|Solothurn S-18/1100 20 mm Anti-Tank Rifle|
A 20 mm Solothurn S-18/1100 AA-Mount at the Museum Altes Zeughaus Solothurn, Switzerland.
|Type||Large caliber rifle|
|Place of origin||Switzerland|
|Wars||World War II|
|Mass||54.7 kg (121 lb)|
|Length||2.1 m (6 ft 11 in)|
|Barrel length||1.3 m (4 ft 3 in)|
|Cartridge||Fixed QF 20×138mmB|
|Caliber||20 mm (0.79 in)|
|Rate of fire||15-20 rpm|
|Muzzle velocity||750 m/s (2,500 ft/s)|
|Feed system||5 or 10 round magazine|
As a result of the defeat of the central-powers during World War I and the subsequent Treaty of Versailles, Germany was forbidden from developing arms. In order to circumvent these limitations many German arms firms opened foreign subsidiaries or bought controlling interests to continue designing and selling arms. One of these companies was the Swiss Solothurn company which was owned by the German firm Rheinmetall.
The S-18/1100 started life as a selective fire variant of the earlier S-18/1000 anti-tank rifle. As a result of its powerful ammunition, the gun had tremendous recoil. Also, its length and weight made portability difficult, so a two-wheeled split-trail carriage was provided. Once towed into position the gun could be fired from the carriage or dismounted and fired from a bipod for the anti-tank role.
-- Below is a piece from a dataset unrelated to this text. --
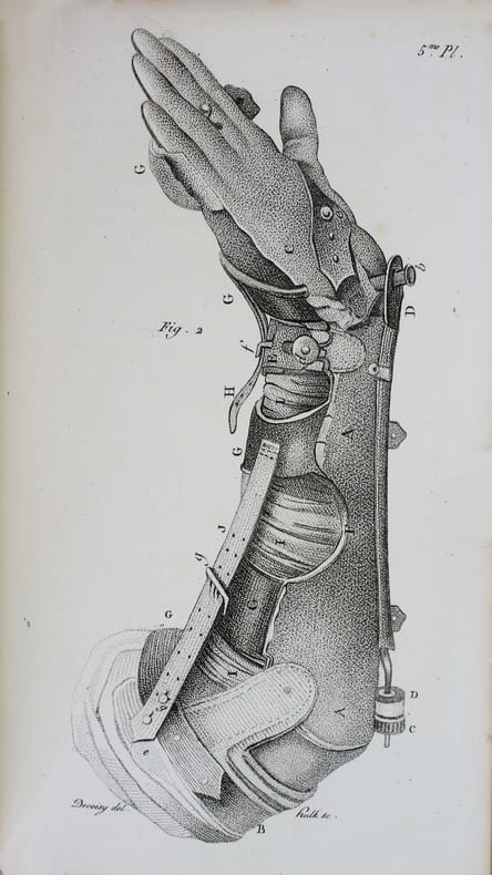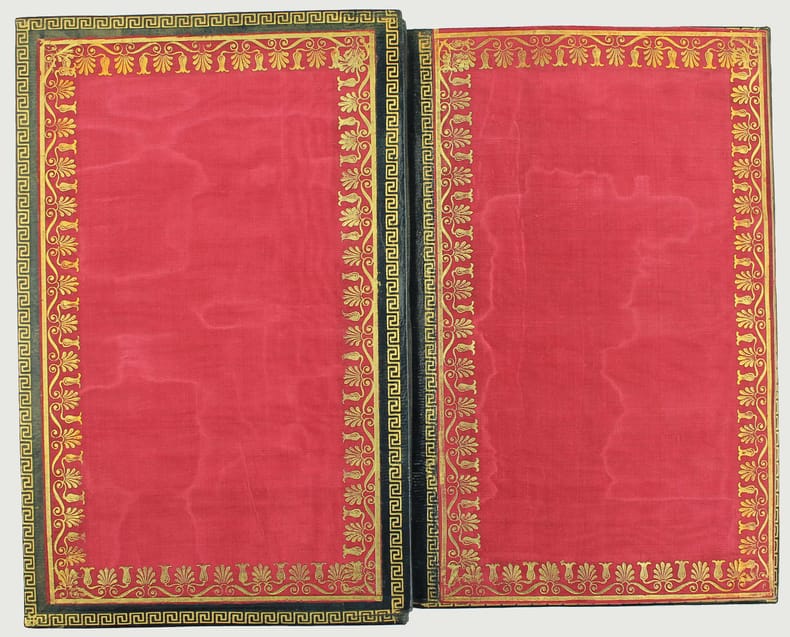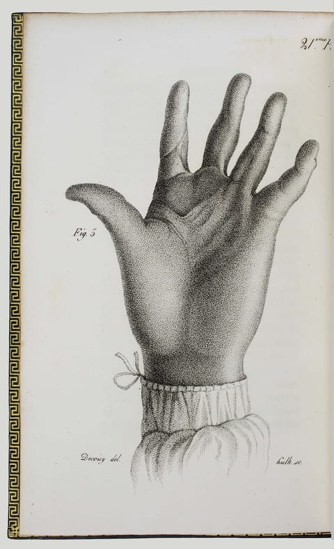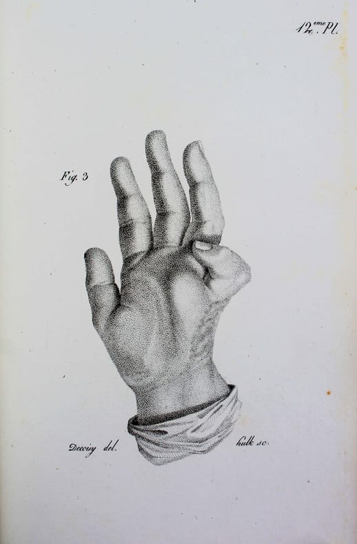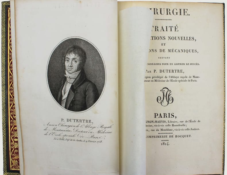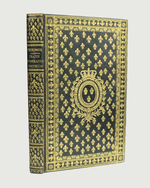 Première édition. C'est le premier livre exclusivement consacré à la chirurgie de la main. Dans sa dédicace à Louis XVIII, Pierre Dutertre déclare que son "ouvrage n'est, à la vérité, qu'un simple recueil d'opérations chirurgicales, mais elles ont été couronnées de succès. Quelques-unes n'avaient pas encore été tentées, et m'ont fait obtenir en 1798 le prix démulation de la Société de médecine de Paris. Les appareils sont de mon invention. Par les moyens que j'ai combinés, des malheureux que différents accidents avaient privés de l'exercice de leurs mains, en ont recouvrés l'usage." Illustré d'un portrait et de 21 jolies planches en lithographie. Né en 1758, Pierre Dutertre a été reçu docteur à Paris en 1805 et a été chirurgien de lAbbaye royale de Montmartre. Exemplaire sur grand papier de dédicace au roi Louis XVIII. Il est relié dans une somptueuse reliure aux chiffres et armes du roi. Exemplaire d'une étonnante fraicheur. /// In-8 de portrait, 85 pp., 21 planches h.-t. Maroquin bleu, dos à nerfs orné, plats ornés d'un semis de fleur de lys avec au centre les armes du Roi, encadrements dorés, tranches dorées, gardes de tabis rouge. (Reliure de l'époque.) //// First edition. This is the first book devoted exclusively to hand surgery. In his dedication to the King, Pierre Dutertre declares that his "work is, in truth, a simple collection of surgical operations, but they have been crowned with success. Some of them had not yet been undertaken, and in 1798 I was awarded the Prix d'Emulation by the Société de Médecine de Paris. The apparatus is my own invention. By the means I have combined, unfortunate people who had been deprived by various accidents of the exercise of their hands, have recovered the use of them." Illustrated with a portrait and 21 attractive lithograph plates. Born in 1758, Pierre Dutertre received his doctorate in Paris in 1805 and was surgeon at the Royal Abbey of Montmartre. Large paper dedication copy to French King Louis XVIII. It is bound in a sumptuous binding with the king's coat of arms. An astonishingly fresh copy.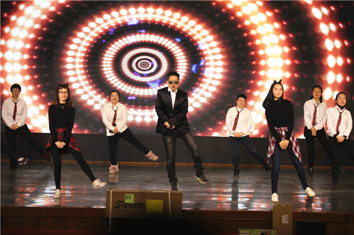 晚会在保洁阿姨的《今夜舞起来》的旋律中拉开帷幕,热情的歌声带着浓厚的幸福感燃爆全场,表达了对新一年美好的展望。常务副院长丁晓良的一曲《天边的骆驼》唱出耿丹人的心声,“沉甸甸的骆背上,骆着它的希望”,弘扬了“无私奉献”的优良品格。耿丹克丽斯幼儿园的小朋友跳起了欢快的舞蹈《春晓》,孩子们用天真无邪的迎接新一年的到来。本场晚会最夺人眼球的要数国际商学院带来的歌舞《耿丹的老师》,劲爆的舞步、打动人心的歌词唱出了全体耿丹人的理想与追求。

In the anti-tank role, it was able to penetrate 15–18 mm (0.59–0.71 in) at 300 m (330 yd) (30°). In addition to its anti-tank role it was offered with a collapsible high-angle mount with three outriggers so it could function as a light anti-aircraft gun.
In addition to being used by the Swiss, it also saw service with Hungary as the Tankbuchse, Italy as the Fucile anticarro, Germany as the 2 cm PzB785(s) and The Netherlands as the Geweer tp 18-1100. Guns captured by the Germans were given the designations 2 cm PzB785(h) and 2 cm PzB785(i).